Sesame To Soy Milk, 10 Foods That Are High In Calcium

As children, it was a common narrative that you needed to drink milk every day to grow big and strong and for most of us, that set the idea that calcium was the secret to strong bones. But the truth is, Calcium is essential for the body in many more ways than simply improving tooth and bone health. 

According to the Harvard T.H. Chan School of Public Health, calcium also plays an essential role in Blood Clotting, helping with proper muscle contractions and regulating the heartbeat and nerve functions. This means that getting the proper amount of calcium from your diet is imperative for healthy body function, and according to the National Institute of Health that means adults between the ages of 19-50 should be getting at least 1,000 mg of calcium a day. 

Though calcium supplements are highly beneficial for children and adults of all ages, the most natural and effective way to keep your daily intake of calcium up is through your diet. Luckily there are many food sources that have high naturally occurring levels of calcium, and by adding more of them to your meals you can help reach your daily goals in no time.

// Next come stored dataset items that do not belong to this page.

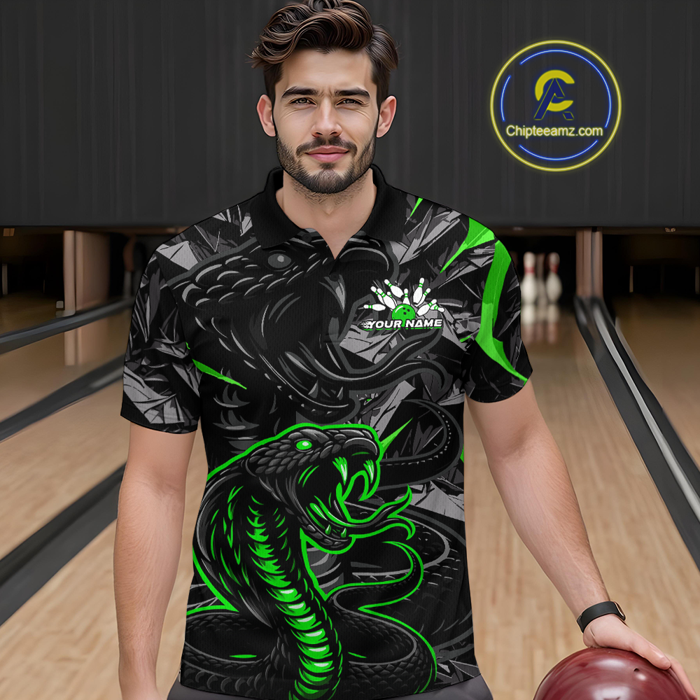 Custom Green Cobra Snake Bowling Jersey for Men Bowling Team Shirts Bowling Uniform Polo & 1/4 Zip HNT137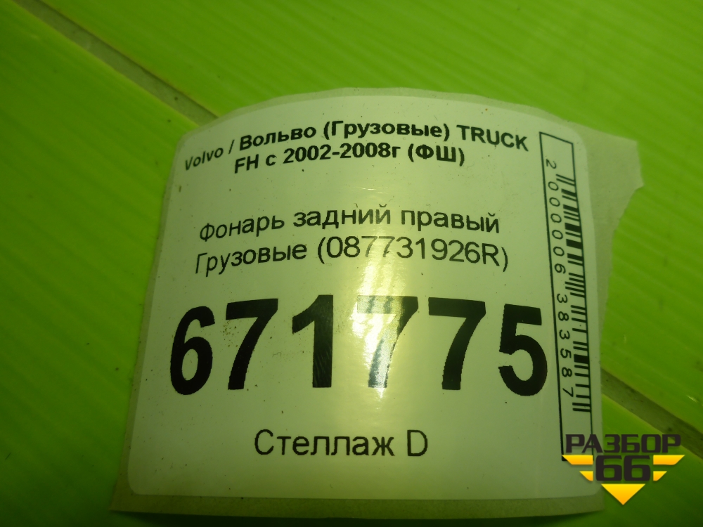 Фонарь задний правый (087731926R) для Volvo TRUCK FH с 2002-2008г (ФШ) в Екатеринбурге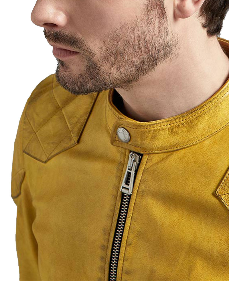 This mesmerizing and stylish stunning leather jacket is the men’s number one choice. This jacket is manufactured from high quality genuine leather material. It comes with internal soft and comfortable viscose lining that keeps you warm and comfortable all the time. The apparel has an internal soft and comfortable viscose lining attached that keeps you warm and comfortable. The men’s cafe racer yellow leather jacket has two front side waist pockets. It comes with a snap tab style collar. The leather jacket comes in yellow color. The cafe racer yellow jacket has padded shoulders. It comes with zipper cuffs on full length style sleeves. The front ykk branded zipper closure fits in perfectly with the style of this jacket. This jacket is perfect for late-night outings and casual parties.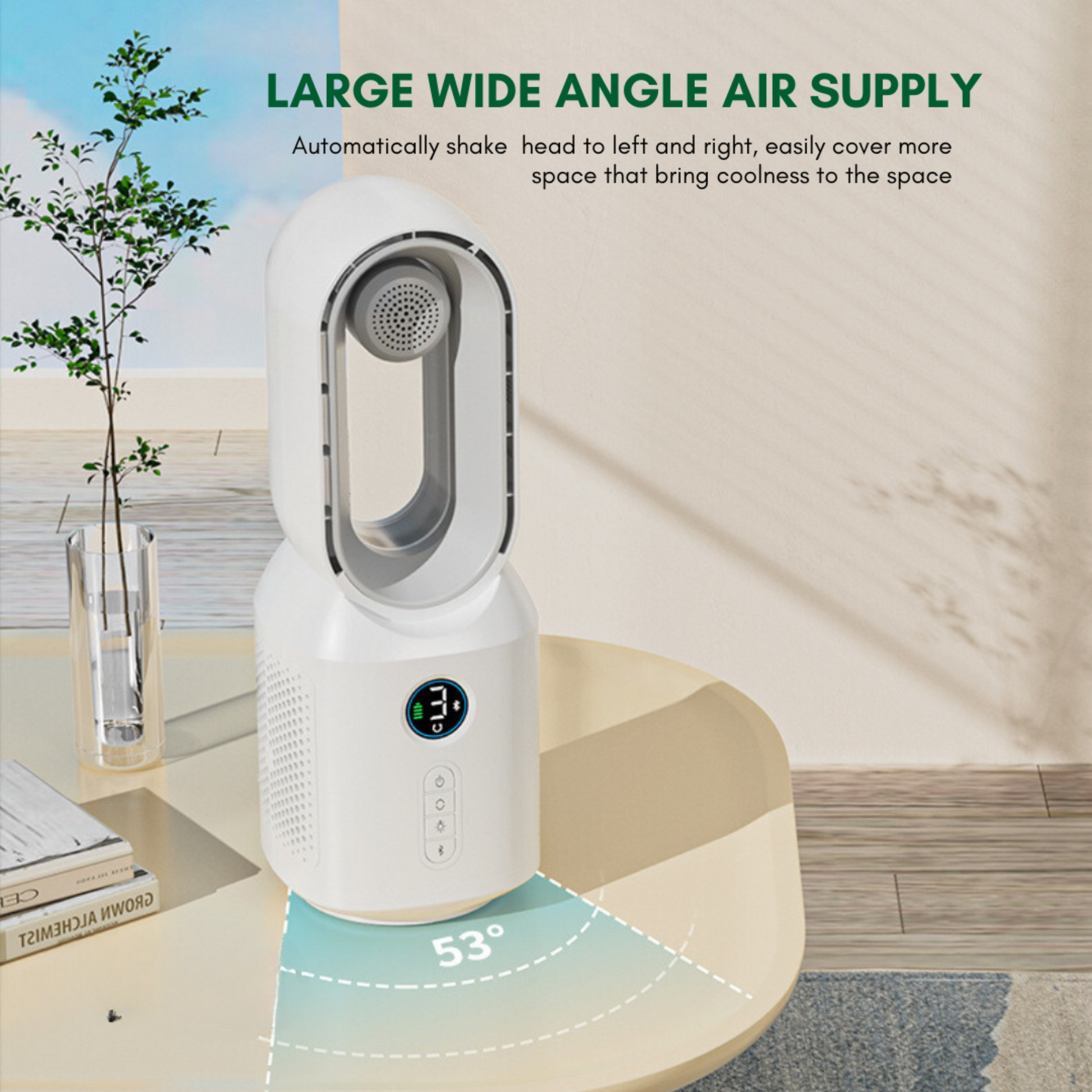 ✔ Automatic shaking head for wide-angle air supply and increased coverage.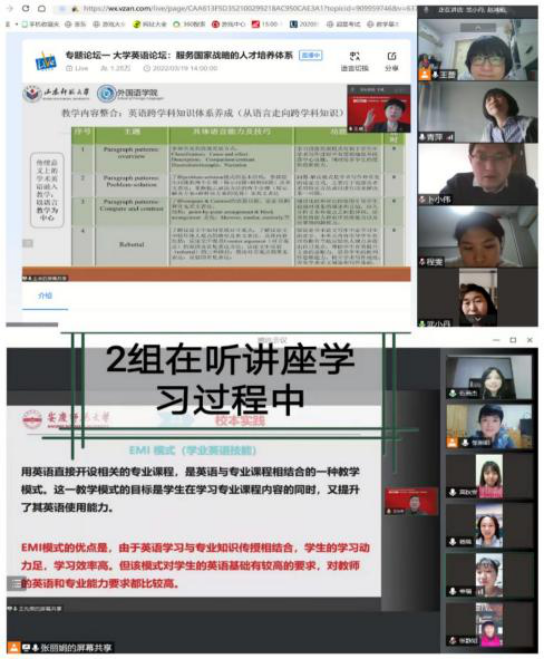 大学英语部教师在高淑玲主任的带领下,全员参加认真聆听了本次云端论坛的主旨报告和大学英语分论坛,并以小组为单位结合本校实际共同探讨了新格局下大英改革的新方向,力求尽快用更智慧的方案推动公司大英教学高质量的创新发展。大学英语分论坛的报告主要围绕“服务国家战略的人才培养体系”和“落实课程思政的公司产品创新”两大主题展开。发言人从各校校本特色出发,持续创新育人理念,实施“一体两翼”的课程体系,构建以O-AMAS和MIPAT课程群等为特色的混合式教学模式,为新时代大学英语公司产品改革提供了启发,也为公司持续推进大学英语分级分层改革和课程再设计提供了科学借鉴。

Video Credits: Mayo Clinic/ YouTube

Here are 8 foods that are rich in calcium to add to your diet:

1. Milk and Cheese: 

An absolute classic source of calcium according to the USDA, whole milk and cheeses like cheddar and mozzarella can contain around 224 mg of calcium per 100 gms which goes a long way towards meeting your daily quote. Most milk is also fortified with vitamin D, which aids in calcium absorption. If you don’t like drinking milk, you can always consider adding it to a sauce or smoothie to make life easier.

2. Yoghurt:

Another dairy product, yoghurt is not only rich in calcium with around 167mg per 100gm according to the USDA  but also provides beneficial probiotics for gut health. Try to steer clear of flavoured fruit yoghurts as they tend to contain a lot of artificial flavours and sugar, but for a similar experience, add some honey and fresh fruits to a bowl of yoghurt for a yummy treat.

3. Sardines: 

If you’re a seafood lover, canned fish is a convenient and tasty way to boost your calcium intake. According to the USDA , a portion of 100 grams of sardines can give you 382 mg of calcium. These small, oily fish are not only a good source of calcium but also provide omega-3 fatty acids, promoting heart health.

4. Leafy Greens: 

We hear about leafy greens being beneficial in so many ways, and calcium is among the many essential benefits they can provide. For example, 100 gms of spinach can provide 67 mg of calcium, according to the USDA. Vegetables like kale, broccoli, and bok choy are also high in calcium. Incorporating them into your diet adds nutritional value. Whether cooked or raw in a salad, greens are a great calcium-rich choice.

5. Tofu:

A versatile plant-based option, tofu is often fortified with calcium, making it an excellent choice for vegetarians and vegans. According to the USDA, 100 gms of tofu can contain around 372    mg of calcium, this makes it equal to or even more beneficial than traditional dairy sources. Tofu is also considered a great meat substitute, so use it in dishes the same way you would chicken for a delicious, nutritious meal.

6. Almonds:

Nuts, particularly almonds, offer a decent amount of calcium. With 254 mg per 100 gm as per the USDA they’re an easy source of calcium that you can snack on, add to desserts, salads or even make into your own plant-based milk. They also provide healthy fats and protein.

7. Figs: 

Some fruits also have high calcium levels and figs are one that is high on the list. With almost 162 mg of calcium in a 100 gm serving as per the USDA, this fruit is one of the richest natural sources of calcium beyond the realm of dairy. Pick some up for a quick, sweet, nutritious snack.

8. Amaranth:

Whether you’re turning the leaves into a salad or cooking them down into a delicious bhaji, or whether you’re replacing your regular lour with amaranth flour, this plant offers a rich 215 mg of calcium per 100gms as per the USDA , so it can go a long way towards helping you meet your daily nutrition goals.

9. Sesame Seeds:

Though it might seem unlikely, sesame seeds are one of the most calcium dense foods around with 975 mg of calcium per 100 gms according to the USDA. To get more out of these tiny powerhouses, make a homemade tahini sauce and whip it into dips like hummus or as a spread on its own to enjoy the calcium boost.

10. Soy Milk:

Made from soya beans which fall in the legume category, soy milk is a great dairy alternative which according to the USDA also contains a whopping 101 mg of calcium per 100 gms. Use it as you would regular milk in your morning beverage or while cooking.